For instance, in an email response to New Telegraph’s questions, a Port Harcourt-based legal practitioner, Chike P. Chukwunyem, said: “In my view, even though GSI says joint accounts can be affected, the legality is debatable given that joint accounts belong to at least two or more individuals.

 

Where the mandate to operate the joint account is a joint mandate, can one party unilaterally sign it away without the consent of the other party, I doubt seriously.

 

“Another issue is that the customer must sign up to the GSI mandate in the loan agreement or letter of offer for it to be effective.

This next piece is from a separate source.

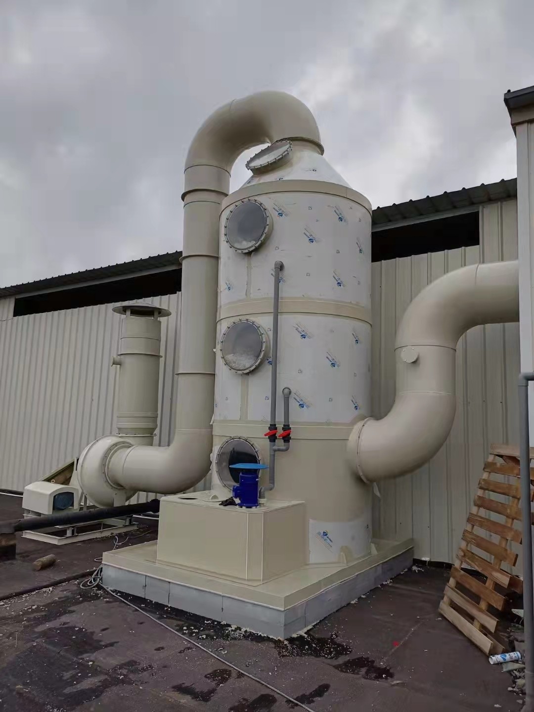 工作原理:涉及废气与喷淋液体的接触和反应。废气首先被引入喷淋塔的底部,然后通过塔内设置的填料层。在这个过程中,废气与填料充分接触,填料表面的液膜增大了气液接触面积,提高了吸收效率。塔顶设置的喷淋装置会向下喷淋液体,这些液体通常是水或含有化学药剂的溶液。当喷淋液体与废气接触时,废气中的有害物质会被液体吸收或发生化学反应,从而达到净化废气的目的。经过喷淋塔处理后的废气,其有害物质浓度会大幅降低,达到国家排放标准,再排放到大气中。

If for some reason the customer is given an unauthorised loan or overdraft by a branch manager without any letter of offer, the GSI would certainly not apply.”

 

Also, commenting on the GSI guidelines in a recent article, a Senior Advocate of Nigeria (SAN), Kemi Pinheiro, citing several cases, said: “The settled position of the law is that a loan agreement can only be enforced against a party to it…

 

 

A joint account cannot be subject of a garnishee order for debt by one of the parties…. Consequently, the application of the Guidelines to joint accounts would constitute a breach of the right of the non-defaulting party, and render the creditor bank and/or the participating bank liable in damages.”

 

In addition to expressing doubts over the GSI’s applicability to joint accounts, legal practitioners and financial analysts have also faulted the CBN for restricting the initiative only to individual – current, savings and domiciliary – accounts and not making it apply to corporate accounts.

 

According to analysts, by excluding corporate accounts, the GSI initiative would not make significant impact in reducing industry NPLs given that corporate customers are responsible for most of the bad debts in the country. As analysts at Proshare put it in a recent note:

“Also, of concern is the issue of the GSI being limited to individual accounts.

 

According to a recent FBNQuest Capital Research report, individual and consumerrelated loans account for just a fraction (10%) of the sector’s entire loan portfolio.

 

“The report noted that to achieve meaningful impact, the GSI should be extended to loans in the corporate segment of a bank’s risk asset portfolio which accounts for more than 65% of the sector’s total average loans outstanding.

 

“The FBNQuest report, however, accepted that there may be complications in the implementation of the GSI if extended to the corporate loans segment of banks risk asset portfolios.”